While many students need to be educated about healthy eating, said Delinsky, colleges championing nutrition should be mindful of students who have eating disorders or believe they need to diet when they don’t.

“The message has to be done in a thoughtful way so people don’t become more obsessed with food and more afraid to eat certain foods,” she said.

Delinsky authored a 2008 study in the journal Eating Behaviors that found the “freshman 15” — a term referring to first-year weight gain, popularized in a Seventeen magazine article in 1989 — is a myth. The 336 college women she studied gained an average of 7 pounds by the end of freshman year.

Another study showed that 25 percent of female freshmen lose weight by the end of the school year.

Jay Zagorsky, an assistant BU finance professor and researcher at The Ohio State University, used the National Longitudinal Survey of Youth that has collected data on a random sample of 9,000 people since they were teens.

Of the 7,418 students who responded, the average weight gain after freshman year was 3.1 pounds for women and 3.5 pounds for men. Binge drinkers (classified as having six or more drinks four days per month) put on an extra pound a year.

“People say, ‘I don’t want to gain weight in college,’ ” Zagorsky said. “What I’d tell you after watching these people age is don’t be a heavy drinker.”

Beside steering clear of alcohol, not being faced with fatty (if delicious) food in the first place may be the biggest help of all for students.

At Boston University, food that complies with the Department of Agriculture’s 2010 Dietary Guidelines is labeled with a red heart wearing a chef’s hat.
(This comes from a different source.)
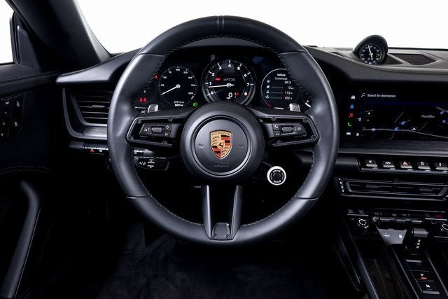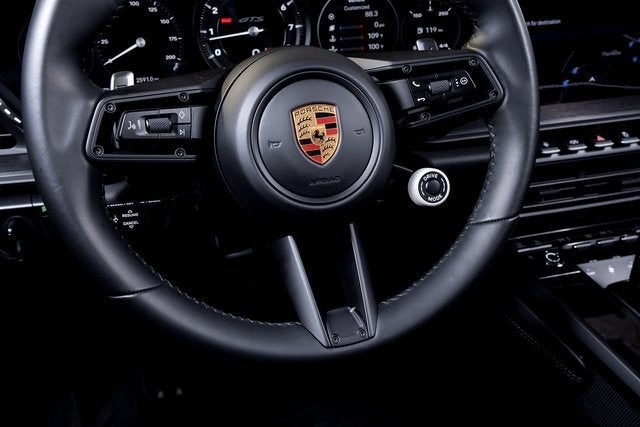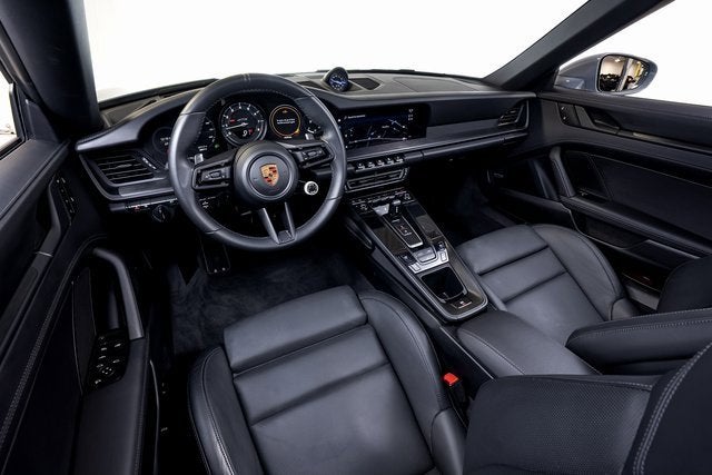Ferrari of Long Island is proud to present this exceptional Porsche 911 Carrera GTS Cabriolet, finished in sophisticated Arctic Grey over a Black leather interior. With an original MSRP of $178,270, this GTS Cabriolet is meticulously specified to deliver open-air exhilaration with unmistakable Porsche precision. At its core, the 911 Carrera GTS Cabriolet blends twin-turbocharged performance with razor-sharp dynamics. Power Steering Plus enhances low-speed maneuverability without sacrificing high-speed feedback, while the Front Axle Lift System provides added practicality when navigating varying road conditions. LED-Matrix Design headlights in black with Porsche Dynamic Light System Plus (PDLS+) deliver exceptional illumination and adaptive cornering capability, reinforcing the cars performance intent. Lane Change Assist further supports confident highway driving. Inside, the cabin reflects the GTSs dual character, track-focused yet luxuriously appointed. Adaptive Sport Seats Plus (18-way) with memory package provide exceptional lateral support and personalized comfort, complemented by ventilated front seats and a heated GT Sport steering wheel in leather for year-round enjoyment. Ambient lighting adds subtle refinement, while the Premium Package enhances the overall driving experience with a thoughtful suite of comfort and convenience features. Technology and usability are seamlessly integrated, with Surround View offering enhanced visibility during low-speed maneuvering and power folding exterior mirrors adding everyday practicality. A BOSE Surround Sound System provides premium audio clarity, while the Storage Package increases versatility. Exterior details such as mirror bases finished in body color, under-door puddle light projectors, and an Exclusive Design fuel cap add distinctive touches that elevate the overall presentation. Please contact us for more information or to schedule a viewing of this beautifully specified Porsche 911 Carrera GTS Cabriolet.

The so-called Sargent Choice sticker (named for the school’s Sargent Choice Nutrition Center) above meatloaf, for example, means the dish was made with lean turkey, while Sargent Choice pizza contains reduced-fat cheese and whole wheat dough.

More than 85 percent of students recognize the sticker, according to Stacey Zawacki, director of the Sargent Choice Nutrition Center. Zawacki said many college dining halls label nutritious options or use display cards listing ingredients, but the center decided to take it one step further.

“We wanted to work with chefs to develop recipes for this program,” she said. “We didn’t want to just say you can go to the salad bar, eat whole wheat bread, and put vegetables in your omelettes.”

Students have definitely noticed.

“The food has gotten healthier each year,” said Hannah Nichols, a School of Public Health graduate student, who has eaten dining hall fare the past four years. There are still burgers and fries available, Nichols said, but the chicken fingers and mozzarella sticks have disappeared. She looked at the remains of the grilled chicken sandwich she had for dinner and realized it had a whole wheat bun.

“They’re providing healthier food, and we don’t even know they’re doing it,” she said.

Boston University junior Fannar Arnarsson, who was opting for the Sargent Choice granola with yogurt for dessert, said he understands why some students gain weight in college. Before transferring to BU, he attended the University of North Carolina at Greensboro, where he said meat patties sandwiched between two glazed doughnuts was regularly featured on the menu.

“It was disgusting,” he said, “and students ate it.”